The White House said that collecting $117 billion would take about 12 years, but Treasury officials said losses were likely to be smaller. Still, with postrecession deficits at levels unseen since World War II and Wall Street never broadly popular, the pressure on a future president and Congress to keep the tax in place is likely to be substantial. Administration officials did not outline any provision for having the tax expire once all the money is recouped.
Big banks object that most of them already have repaid the government with interest. The administration, anticipating that argument, called its tax a “financial crisis responsibility fee” aimed at those institutions whose risk-taking caused the problem in the first place.
The losses from the bailout fund are expected from money paid to rescue Chrysler and General Motors and the insurance giant American International Group, and from a program to help homeowners avert foreclosures. But big banks shared in the A.I.G. bailout, splitting about $60 billion to receive full repayment for their financial trades with the company.
Mr. Obama’s economic team began seeking a bank fee last August, even as the administration — and in particular the Treasury secretary, Timothy F. Geithner — was being attacked by critics on the left and right as too cozy with Wall Street. Criticism picked up last year after Mr. Geithner opposed an effort by the European Union to impose a global tax on financial transactions.
Mr.
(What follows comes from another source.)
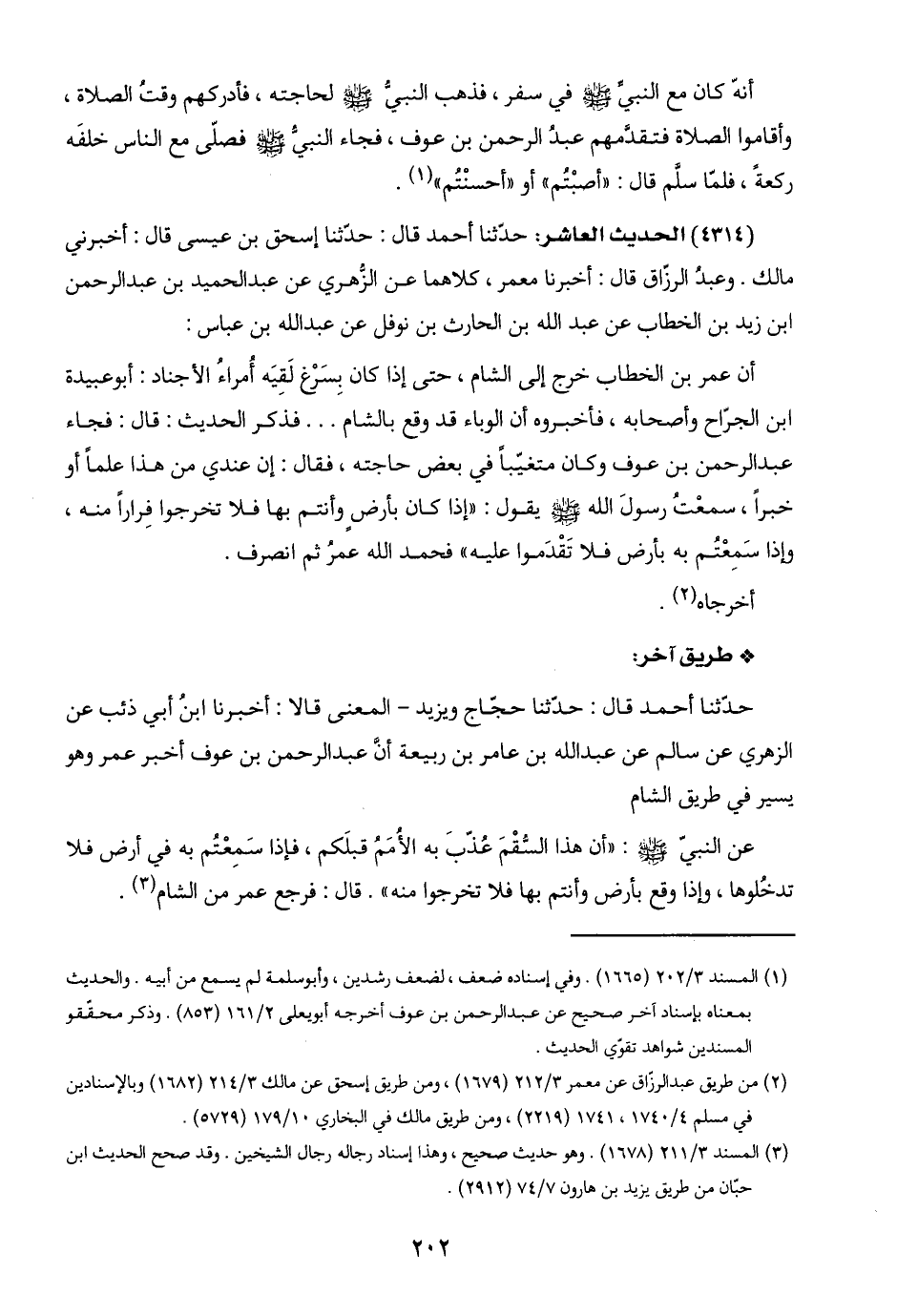 حدّثنا أحمد قال: حدّثنا حجّاج ويزيد - المعنى قالا: أخبرنا ابنُ أبي ذئب عن الزهري عن سالم عن عبد اللَّه بن عامر بن ربيعة أنَّ عبد الرحمن بن عوف أخبر عمر وهو يسير في طريق الشام:

Geithner said such a tax would be passed through to customers. The administration now argues that big banks will not be able to pass on the costs of its levy without risking a loss of market share to rivals that are not subject to the tax.
The proposal, which Mr. Obama will include in his budget in February, would require Congress’s approval.
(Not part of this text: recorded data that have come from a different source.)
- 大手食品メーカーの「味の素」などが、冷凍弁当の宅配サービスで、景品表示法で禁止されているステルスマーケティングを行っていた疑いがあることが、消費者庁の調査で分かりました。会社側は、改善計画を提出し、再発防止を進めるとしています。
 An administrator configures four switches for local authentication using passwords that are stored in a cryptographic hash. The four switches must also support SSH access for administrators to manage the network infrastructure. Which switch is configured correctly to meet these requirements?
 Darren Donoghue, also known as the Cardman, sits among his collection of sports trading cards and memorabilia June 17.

Democrats said the tax had good prospects in a midterm election year. The White House believes Republicans are in a box, unable to oppose the tax without being cast as allies of fat-cat bankers. Also, the 2008 bailout program is less popular among Republican voters than among Democrats, polls show; the issue helped give rise to the conservative Tea Party Movement.
The delays inherent in the legislative process could give the banking lobby time to muster formidable opposition, especially in the Senate — just as the industry has been able to stall and weaken the administration’s initiative to tighten regulation of the financial system.
But in such fights, smaller community banks are the more influential force, given their presence in nearly every lawmaker’s district. By exempting smaller banks from the tax, the administration divided the industry lobby and left less popular big banks on their own.
Some bankers acknowledged that the tax might be acceptable if it headed off tougher measures, like a bonus tax. It also would not have a huge impact on the biggest firms’ bottom lines. Still, lobbyists are mobilizing.
“This tax is strictly political,” said Steve Bartlett, chief executive of the Financial Services Roundtable, which represents the largest banking, insurance and investment companies.
The tax would apply to about 50 companies and would impose the greatest burden on firms that rely less on customer deposits. Citigroup could face a $2.2 billion annual assessment, according to an analysis by Concept Capital in Washington; JPMorgan Chase and Bank of America might each pay close to $2 billion. Goldman Sachs and Morgan Stanley would also pay similarly high assessments.
“The irony is it hurts the weaker banks more than the stronger banks,” said Meredith Whitney, a prominent financial services analyst. “To think that it won’t come out of consumers and businesses is mistaken.”
The tax would amount to about $1.5 million for every $1 billion in bank assets subject to the fee. It would apply to all of a company’s assets except for what is known as a bank’s Tier 1 capital, including common stock, or its insured deposits from savers, for which banks already pay a fee to the Federal Deposit Insurance Corporation.